DESCRIPTION OF THE TASK>
Among the records below, find the line that has "3 cases are"; from there, give the lines again exactly, and stop after the line that has "ここでは、データ転送ツールで".

DATASET EXCERPTS>
━━━━━━━━━━

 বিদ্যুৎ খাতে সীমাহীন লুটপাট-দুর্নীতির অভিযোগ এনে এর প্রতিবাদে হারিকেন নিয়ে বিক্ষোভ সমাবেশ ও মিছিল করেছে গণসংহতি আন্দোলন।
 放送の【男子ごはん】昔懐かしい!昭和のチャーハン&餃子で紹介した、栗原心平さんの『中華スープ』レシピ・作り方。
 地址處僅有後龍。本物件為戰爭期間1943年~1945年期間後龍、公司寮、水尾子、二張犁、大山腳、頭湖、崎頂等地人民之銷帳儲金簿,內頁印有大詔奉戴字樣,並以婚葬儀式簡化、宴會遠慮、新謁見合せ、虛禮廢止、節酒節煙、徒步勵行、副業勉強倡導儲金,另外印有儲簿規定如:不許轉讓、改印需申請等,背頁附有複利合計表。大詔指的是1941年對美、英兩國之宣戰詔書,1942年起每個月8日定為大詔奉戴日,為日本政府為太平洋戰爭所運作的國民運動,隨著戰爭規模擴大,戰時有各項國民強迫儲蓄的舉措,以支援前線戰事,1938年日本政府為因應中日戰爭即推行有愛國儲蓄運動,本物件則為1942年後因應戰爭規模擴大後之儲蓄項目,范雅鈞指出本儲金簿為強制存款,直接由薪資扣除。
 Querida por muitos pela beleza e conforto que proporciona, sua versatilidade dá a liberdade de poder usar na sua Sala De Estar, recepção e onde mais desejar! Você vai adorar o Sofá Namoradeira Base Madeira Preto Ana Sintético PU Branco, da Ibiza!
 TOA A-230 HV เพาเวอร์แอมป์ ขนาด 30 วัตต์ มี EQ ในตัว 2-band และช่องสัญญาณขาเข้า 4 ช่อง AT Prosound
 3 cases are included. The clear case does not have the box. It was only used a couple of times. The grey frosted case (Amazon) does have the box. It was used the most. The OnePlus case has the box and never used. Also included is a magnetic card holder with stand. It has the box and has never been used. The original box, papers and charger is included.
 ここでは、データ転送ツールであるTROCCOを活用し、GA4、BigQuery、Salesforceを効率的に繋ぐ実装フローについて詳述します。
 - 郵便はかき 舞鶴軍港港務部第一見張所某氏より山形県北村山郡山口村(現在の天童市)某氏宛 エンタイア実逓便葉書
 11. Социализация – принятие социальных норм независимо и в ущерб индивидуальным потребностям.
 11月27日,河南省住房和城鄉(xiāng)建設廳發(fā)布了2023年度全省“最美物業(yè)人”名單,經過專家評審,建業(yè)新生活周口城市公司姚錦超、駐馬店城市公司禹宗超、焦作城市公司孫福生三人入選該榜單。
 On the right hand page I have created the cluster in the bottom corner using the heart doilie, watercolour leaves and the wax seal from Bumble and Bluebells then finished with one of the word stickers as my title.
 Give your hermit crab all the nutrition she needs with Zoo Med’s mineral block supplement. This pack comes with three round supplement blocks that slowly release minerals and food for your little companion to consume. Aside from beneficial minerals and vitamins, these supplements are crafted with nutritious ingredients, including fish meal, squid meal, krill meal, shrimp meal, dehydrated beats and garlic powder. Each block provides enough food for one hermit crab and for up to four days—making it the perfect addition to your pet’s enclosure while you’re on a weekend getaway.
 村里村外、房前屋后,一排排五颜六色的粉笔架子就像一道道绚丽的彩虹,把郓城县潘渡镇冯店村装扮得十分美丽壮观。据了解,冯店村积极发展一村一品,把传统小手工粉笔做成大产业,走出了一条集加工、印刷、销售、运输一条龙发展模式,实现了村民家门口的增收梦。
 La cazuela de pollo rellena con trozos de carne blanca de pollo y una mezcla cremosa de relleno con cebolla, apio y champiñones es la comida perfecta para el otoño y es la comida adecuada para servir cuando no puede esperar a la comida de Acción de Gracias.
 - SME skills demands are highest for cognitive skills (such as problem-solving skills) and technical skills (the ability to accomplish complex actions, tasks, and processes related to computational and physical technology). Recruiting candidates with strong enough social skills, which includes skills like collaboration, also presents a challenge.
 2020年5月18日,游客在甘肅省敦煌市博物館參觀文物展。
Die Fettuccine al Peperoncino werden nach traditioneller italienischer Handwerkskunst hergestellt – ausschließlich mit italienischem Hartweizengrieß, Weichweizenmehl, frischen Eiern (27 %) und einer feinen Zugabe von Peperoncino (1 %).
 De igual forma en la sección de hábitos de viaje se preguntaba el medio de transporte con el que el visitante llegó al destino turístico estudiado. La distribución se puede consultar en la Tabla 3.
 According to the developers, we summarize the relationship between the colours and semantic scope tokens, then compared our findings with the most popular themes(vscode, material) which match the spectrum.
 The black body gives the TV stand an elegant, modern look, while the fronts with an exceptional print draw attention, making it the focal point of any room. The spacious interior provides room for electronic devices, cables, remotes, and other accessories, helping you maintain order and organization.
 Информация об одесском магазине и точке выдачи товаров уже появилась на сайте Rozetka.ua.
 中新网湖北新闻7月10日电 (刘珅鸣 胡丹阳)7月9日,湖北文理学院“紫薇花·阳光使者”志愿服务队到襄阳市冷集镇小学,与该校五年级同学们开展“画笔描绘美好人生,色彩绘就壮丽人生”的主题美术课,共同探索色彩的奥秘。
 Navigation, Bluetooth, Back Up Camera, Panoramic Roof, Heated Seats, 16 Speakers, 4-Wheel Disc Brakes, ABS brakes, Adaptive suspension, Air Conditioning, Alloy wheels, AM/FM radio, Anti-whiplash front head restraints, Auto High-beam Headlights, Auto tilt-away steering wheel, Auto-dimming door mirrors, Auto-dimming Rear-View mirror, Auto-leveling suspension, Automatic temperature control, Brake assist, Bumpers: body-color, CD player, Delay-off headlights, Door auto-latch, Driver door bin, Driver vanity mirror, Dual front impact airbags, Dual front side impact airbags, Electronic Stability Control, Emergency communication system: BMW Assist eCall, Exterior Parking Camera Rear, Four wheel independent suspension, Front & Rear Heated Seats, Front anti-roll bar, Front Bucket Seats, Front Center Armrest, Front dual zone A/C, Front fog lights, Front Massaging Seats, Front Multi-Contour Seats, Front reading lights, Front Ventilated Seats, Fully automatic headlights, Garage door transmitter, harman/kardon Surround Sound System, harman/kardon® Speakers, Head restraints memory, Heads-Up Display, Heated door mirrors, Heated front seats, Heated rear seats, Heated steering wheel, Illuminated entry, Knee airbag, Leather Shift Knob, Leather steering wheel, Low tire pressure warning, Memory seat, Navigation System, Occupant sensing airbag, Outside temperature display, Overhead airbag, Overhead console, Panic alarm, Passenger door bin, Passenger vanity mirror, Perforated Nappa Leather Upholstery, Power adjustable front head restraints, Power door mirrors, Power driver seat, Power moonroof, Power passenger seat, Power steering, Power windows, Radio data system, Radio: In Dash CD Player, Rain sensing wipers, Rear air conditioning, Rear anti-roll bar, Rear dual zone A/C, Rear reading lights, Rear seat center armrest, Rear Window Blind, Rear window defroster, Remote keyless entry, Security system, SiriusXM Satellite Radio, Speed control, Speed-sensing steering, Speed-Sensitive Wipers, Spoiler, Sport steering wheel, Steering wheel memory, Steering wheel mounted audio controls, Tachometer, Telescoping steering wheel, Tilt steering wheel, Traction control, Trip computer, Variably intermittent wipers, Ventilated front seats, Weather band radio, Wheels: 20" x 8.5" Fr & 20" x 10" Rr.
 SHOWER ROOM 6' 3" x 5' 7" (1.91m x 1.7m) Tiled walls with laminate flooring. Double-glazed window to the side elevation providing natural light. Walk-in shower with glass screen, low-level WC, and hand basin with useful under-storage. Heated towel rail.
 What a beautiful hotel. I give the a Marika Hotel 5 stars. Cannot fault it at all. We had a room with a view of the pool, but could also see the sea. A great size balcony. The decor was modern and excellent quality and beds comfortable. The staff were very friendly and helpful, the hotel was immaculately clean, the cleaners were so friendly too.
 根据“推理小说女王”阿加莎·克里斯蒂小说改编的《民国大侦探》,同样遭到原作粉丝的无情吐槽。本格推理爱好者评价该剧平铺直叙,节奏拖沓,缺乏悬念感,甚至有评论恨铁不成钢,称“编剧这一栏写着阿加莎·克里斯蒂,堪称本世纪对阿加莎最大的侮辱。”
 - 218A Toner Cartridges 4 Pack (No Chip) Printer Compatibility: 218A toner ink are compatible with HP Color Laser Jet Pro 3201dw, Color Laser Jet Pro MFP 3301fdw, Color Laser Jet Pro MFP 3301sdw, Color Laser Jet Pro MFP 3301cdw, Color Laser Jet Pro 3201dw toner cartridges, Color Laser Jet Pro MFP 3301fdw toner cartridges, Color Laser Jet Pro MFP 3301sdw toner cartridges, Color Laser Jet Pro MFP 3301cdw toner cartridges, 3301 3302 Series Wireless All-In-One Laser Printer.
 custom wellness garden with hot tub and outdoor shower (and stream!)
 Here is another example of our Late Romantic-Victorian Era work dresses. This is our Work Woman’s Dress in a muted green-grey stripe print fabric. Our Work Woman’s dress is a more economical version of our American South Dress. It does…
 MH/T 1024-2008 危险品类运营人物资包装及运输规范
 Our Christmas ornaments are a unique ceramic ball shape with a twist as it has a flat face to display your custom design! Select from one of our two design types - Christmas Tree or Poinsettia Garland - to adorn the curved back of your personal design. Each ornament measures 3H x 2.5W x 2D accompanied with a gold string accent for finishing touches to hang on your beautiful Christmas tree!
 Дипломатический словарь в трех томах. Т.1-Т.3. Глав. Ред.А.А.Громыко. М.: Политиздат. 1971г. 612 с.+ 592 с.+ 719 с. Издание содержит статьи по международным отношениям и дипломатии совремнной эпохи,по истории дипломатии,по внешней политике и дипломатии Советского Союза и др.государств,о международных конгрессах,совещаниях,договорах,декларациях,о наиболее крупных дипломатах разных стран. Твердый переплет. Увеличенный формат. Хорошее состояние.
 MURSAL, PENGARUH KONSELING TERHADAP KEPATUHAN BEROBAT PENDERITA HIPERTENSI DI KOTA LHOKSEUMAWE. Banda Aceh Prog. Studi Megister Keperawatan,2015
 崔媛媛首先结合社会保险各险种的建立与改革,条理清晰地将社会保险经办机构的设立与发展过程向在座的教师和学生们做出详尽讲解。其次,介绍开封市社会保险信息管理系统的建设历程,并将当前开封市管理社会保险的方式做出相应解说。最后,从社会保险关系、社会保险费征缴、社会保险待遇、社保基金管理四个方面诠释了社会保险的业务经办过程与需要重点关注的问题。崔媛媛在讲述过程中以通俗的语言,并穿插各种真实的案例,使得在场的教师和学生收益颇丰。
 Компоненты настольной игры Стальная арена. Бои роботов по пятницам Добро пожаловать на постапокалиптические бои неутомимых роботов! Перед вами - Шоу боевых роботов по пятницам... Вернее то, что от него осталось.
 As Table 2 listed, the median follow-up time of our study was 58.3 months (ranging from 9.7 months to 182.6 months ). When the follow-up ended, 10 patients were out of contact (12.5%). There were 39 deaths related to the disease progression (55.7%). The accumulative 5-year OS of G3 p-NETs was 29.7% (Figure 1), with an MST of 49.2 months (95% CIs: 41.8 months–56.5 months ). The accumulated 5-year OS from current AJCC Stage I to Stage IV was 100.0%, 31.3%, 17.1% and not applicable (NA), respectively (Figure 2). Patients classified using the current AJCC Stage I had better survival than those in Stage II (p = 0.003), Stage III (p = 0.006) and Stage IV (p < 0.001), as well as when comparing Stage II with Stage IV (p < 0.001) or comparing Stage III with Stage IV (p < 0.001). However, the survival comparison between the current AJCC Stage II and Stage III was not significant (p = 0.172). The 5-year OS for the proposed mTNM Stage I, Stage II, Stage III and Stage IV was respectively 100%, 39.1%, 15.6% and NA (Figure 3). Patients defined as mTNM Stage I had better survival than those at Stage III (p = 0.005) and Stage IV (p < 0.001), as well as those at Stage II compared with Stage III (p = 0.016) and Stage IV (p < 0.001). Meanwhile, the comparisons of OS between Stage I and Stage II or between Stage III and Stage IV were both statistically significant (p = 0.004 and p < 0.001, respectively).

━━━━━━━━━━

TASK ANSWER>
 3 cases are included. The clear case does not have the box. It was only used a couple of times. The grey frosted case (Amazon) does have the box. It was used the most. The OnePlus case has the box and never used. Also included is a magnetic card holder with stand. It has the box and has never been used. The original box, papers and charger is included.
 ここでは、データ転送ツールであるTROCCOを活用し、GA4、BigQuery、Salesforceを効率的に繋ぐ実装フローについて詳述します。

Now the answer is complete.